Average normalized fitness and rank scores

Figure 1, which plots the rank score and average normalized fitness, shows that the hyperbolic strategy exhibits the best performance in terms of both measures. Hyperbolic also performed statistically significantly better than the other four best strategies on 16 out of the 20 benchmark functions. It is known from literature [12, 15] that a large factor in PSO’s poor performance in high dimensional problem spaces is the initial velocity explosion and the consequent roaming behaviour. The hyperbolic strategy completely mitigates the effects of the velocity explosion, since the velocity is scaled down to ensure that the particles remain in valid space. Although this prevents particles from attaining optima that are on the boundaries, the strategy does not affect the particles’ search direction or artificially introduce or inhibit swarm diversity. The reduction in the velocity explosion is apparent in Figs. 2 and 3 which plot the average velocity magnitude and the average variance in velocity for the five best-performing strategies.

Fig. 2.
figure 2

Velocity magnitude (top 5)

Fig. 3.
figure 3

Velocity variance (top 5)

For 15 out of the 19 strategies, the average normalized fitness was between 0.21 and 0.32. Therefore, although the difference in performance among the strategies were statistically significant, the actual difference in fitness between most of the strategies was not very large. This is likely due to the problem-dependent nature of boundary handling strategies, which is known in literature.

Due to space limitations, only a few of the strategies’ behaviour are discussed in detail. Although it may be expected that the pBest strategy will converge prematurely, Fig. 4 shows that the pBest strategy failed to converge. Instead, the swarm’s diversity oscillates with every iteration, as the particles attempt to explore, leave the search space immediately and are reset. Since no searching could take place, the personal bests were almost never updated and thus the global best was almost never updated. In contrast, the pBest-dim strategy performed quite well and achieved the 3-rd best score. pBest-dim also performed better than randomly re-initializing, since resetting the position to a known good location encourages the search to exploit within a known good region.

Fig. 4.
figure 4

Swarm diversity of PBest strategies on F10 (first 100 iterations)

Fig. 5.
figure 5

Average number of violated dimensions on F11 (first 500 iterations)

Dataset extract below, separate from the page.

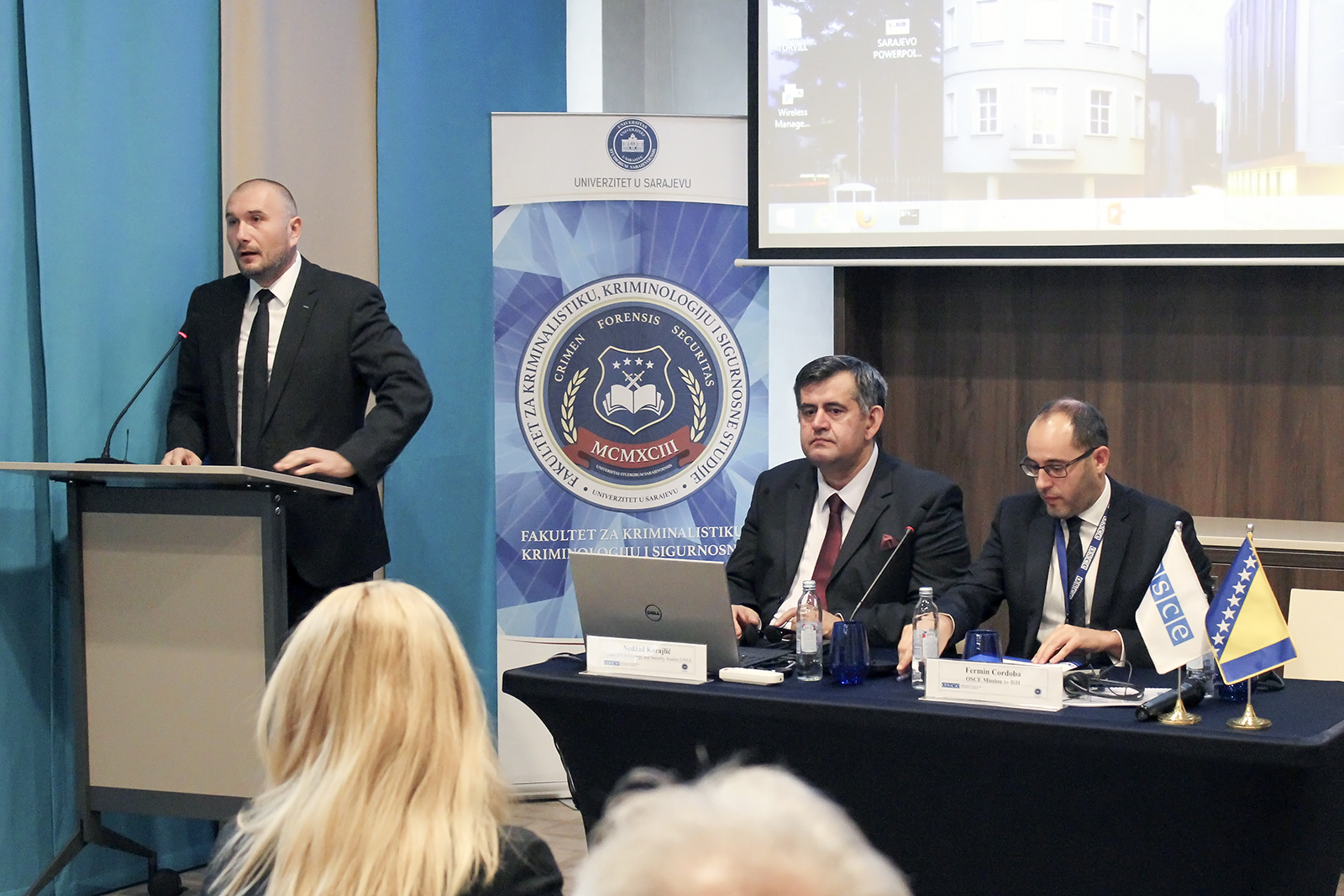 Sasa Bojanic of the OSCE Mission to BiH (l), Nedzad Korajlic, Dean of the University of Sarajevo Faculty for Criminal Justice, Criminology and Security Studies (c) and Fermin Cordoba, Head of Human Dimension Department at the OSCE Mission to BiH (r) at an expert conference on hate crimes in South-East Europe, Sarajevo, 8 November 2016

The two strategies that performed the worst were infinity + zero and infinity + unmodified. All of the particles left the search space and remained out of bounds for the remainder of the search. The average number of violated boundaries was fewer for infinity + zero than for infinity + unmodified (see Fig. 5). Thus, zeroing the velocity component when a particle is out of bounds does improve the particle’s ability to return to the search space to some extent.

In all cases where comparison was possible, zeroing the velocity performed better than adjusting or reflection. Damping and random damping performed better than zero. However, damping and random-damping are not applicable for many of the position repair strategies. All three of the best-performing velocity repair strategies reduce the velocity in some manner, thereby reducing the velocity explosion and the consequent roaming behaviour.

5 Conclusion

This paper tested PSO with a variety of boundary constraint handling techniques on high dimensional problems with optima that were distributed uniformly throughout the search space. The best-performing strategy was hyperbolic, which rescales a particle’s velocity so that the particle can never reach the boundary, thereby preventing the velocity explosion and subsequent unwanted roaming. The five best performing strategies were hyperbolic, exp_spread + zero, pBest + zero, absorb + damping and random + zero. Although the difference in performance of these strategies are statistically significant, their performance is highly problem-dependent and their average normalized fitness values were similar. In general, velocity repair strategies such as zero and damping performed better than the other velocity repair strategies. The worst strategies were infinity+zero and infinity+unmodified, which were also the least restrictive.